Noi siamo romantici, ci piace pensare che si possa chiudere il cerchio, quello che due anni fa ci è stato tolto, ora bisogna riprenderselo, e quale emozione più grande di un goal proprio del nostro diez?

BOLOGNA – NAPOLI

ORSOLINI: Piano piano sta riconquistando la condizione fisica, che è troppo importante per un giocatore esplosivo come lui. Non è ancora al top, ma se non avete alternative allettanti potete azzardarlo contro un avversario (Hysaj) non proprio irresistibile.

SVANBERG: Lo svedesino sembra aver trovato la sua collocazione ideale nel centrocampo di Sinisa e il suo rendimento cresce di partita in partita. Sta mostrando ottime cose e fra i due centrali di centrocampo è quello che non disdegna affatto inserimenti e sortite offensive, arrivando spesso alla conclusione.
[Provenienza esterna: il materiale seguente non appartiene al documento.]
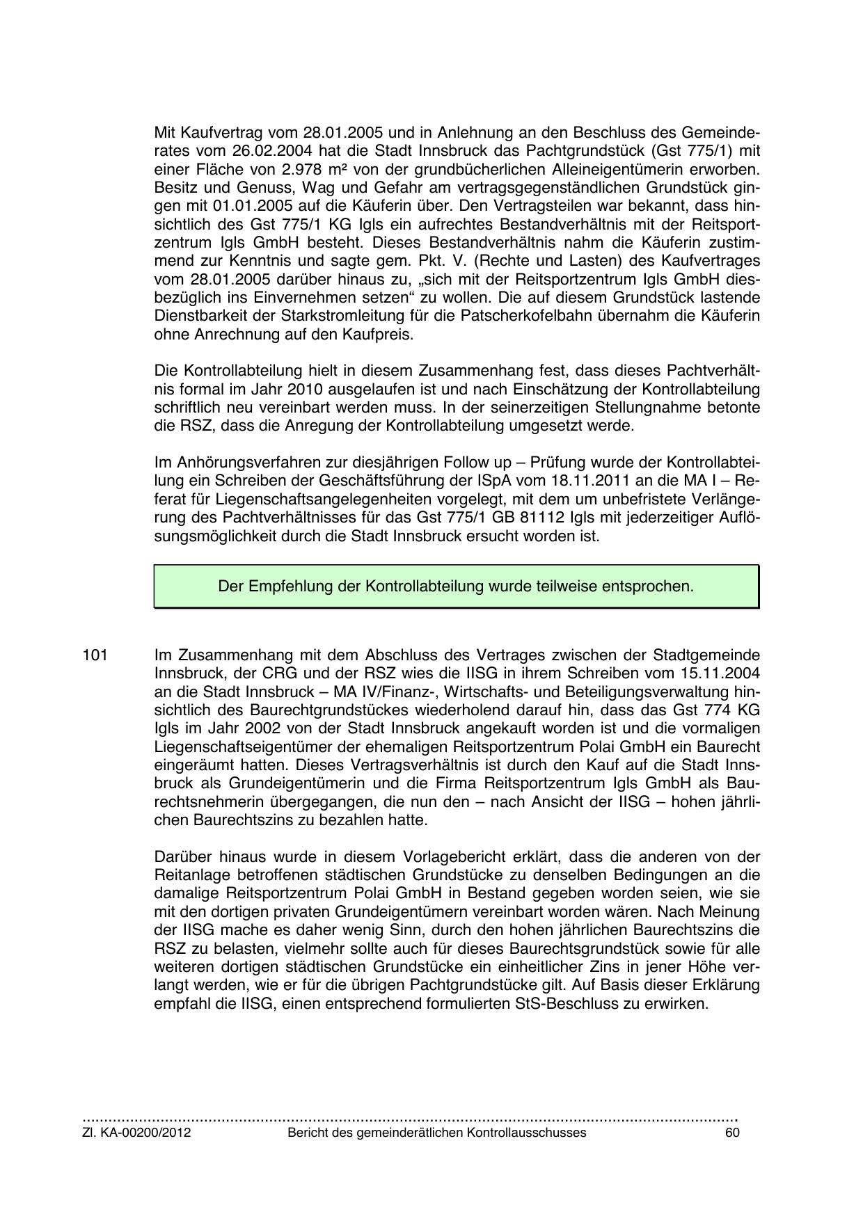 Im Anhörungsverfahren zur diesjährigen Follow up – Prüfung wurde der Kontrollabteilung ein Schreiben der Geschäftsführung der ISpA vom 18.11.2011 an die MA I – Referat für Liegenschaftsangelegenheiten vorgelegt, mit dem um unbefristete Verlängerung des Pachtverhältnisses für das Gst 775/1 GB 81112 Igls mit jederzeitiger Auflösungsmöglichkeit durch die Stadt Innsbruck ersucht worden ist.
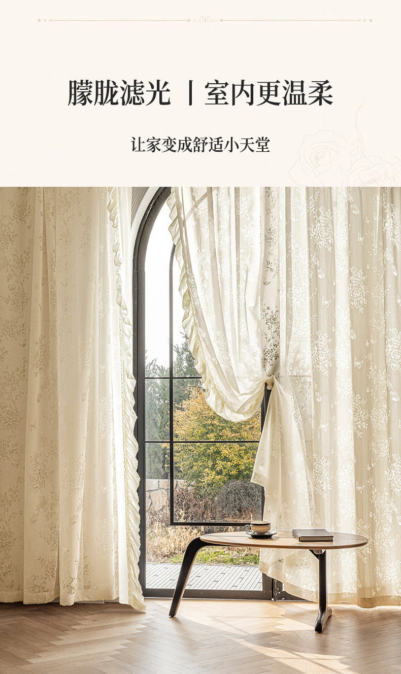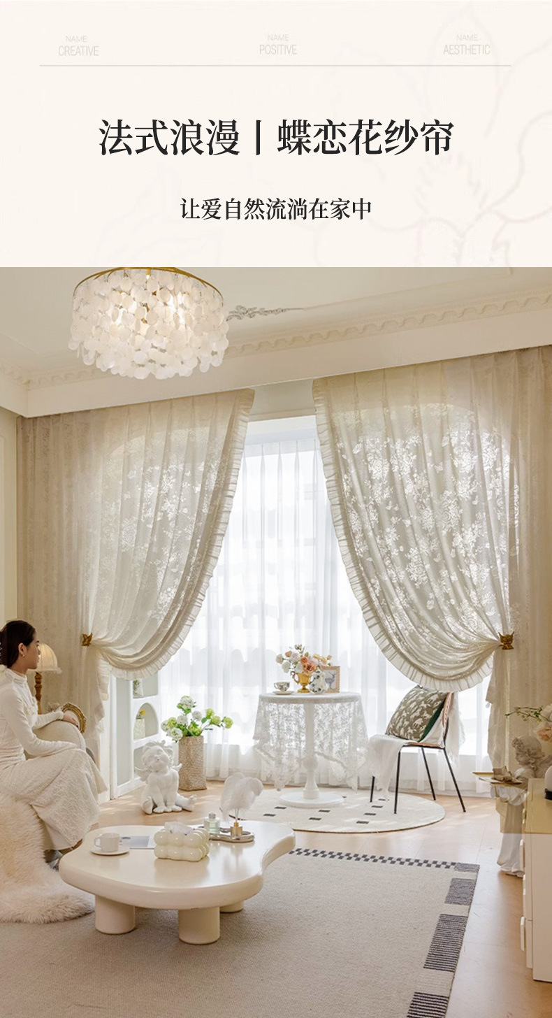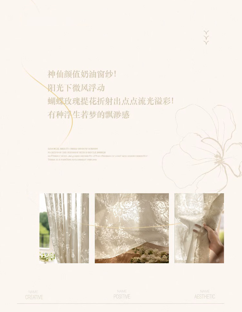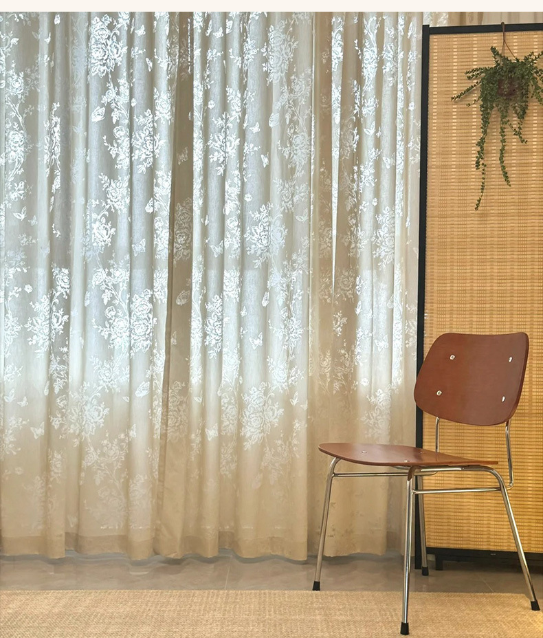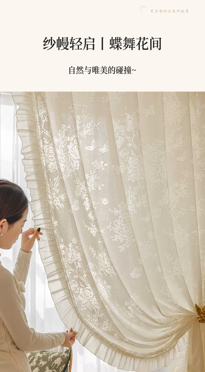 프랑스 빛 럭셔리 빛 퍼비지니스 나비 장미 창 화면 침실 거실 빈 빛과 그림자 효과 크림 윈드 거즈 커튼

E’ stato anche parecchio sfortunato in zona gol, ma potete schierarlo come quarto nel vostro centrocampo in questo momento, soprattutto se siete in cerca di bonus a sorpresa.

MANOLAS: Probabilmente andrà in sofferenza contro gli agili attaccanti felsinei, ma è in questa sezione perché nelle ultime partite è andato davvero vicino al gol sui piazzati e si sta rendendo pericolosissimo in continuazione.

MILAN – VERONA

CALHANOGLU: Dopo aver letteralmente fatto i buchi tra settembre e inizio ottobre, il rendimento del turco, condizionato da un problema alla caviglia rimediato dopo il derby, è calato vistosamente. L’Hellas Verona è una squadra che difende bene, per batterla ci sarà bisogno dell’apporto di tutti, anche del suo. Che sia la volta buona per estrarre il jolly dal mazzo e regalare ai suoi possessori un succulento bonus?

BARAK: E’ vero la doppietta della scorsa giornata l’ha messo in bocca di tutti, specialmente il secondo goal di esterno è un gesto tecnico che riesce a pochi. Ma come l’abbiamo noi gli occhi puntati su di lui, così sarà per gli avversari. Potrebbe avere spazi di manovra molto difficili, ma ciò non toglie che può sempre dire la sua.

ZACCAGNI: La notte porta consiglio, eravamo indecisi se metterlo qui o meno. Abbiamo deciso di si, perchè effettivamente per ora è tra i migliori (se non il migliore) in squadra. Zac è in formissima, il lavoro che fa in squadra è unico. Infatti le sue caratteristiche sono particolari, perché nonostante non sia un gran finalizzatore, la sua posizione offensiva è quella che crea più problemi agli avversari. Bravo nel dribbling stretto e con un ottima visione offensiva, sa creare e trovare spazi per i compagni. Infatti abbiamo sottolineato che tende a giocare più per i compagni che per se stesso, e quello che ci aspettiamo è l’ennesimo voto positivo con possibilità anche di un bonus (più probabile un assist che un goal).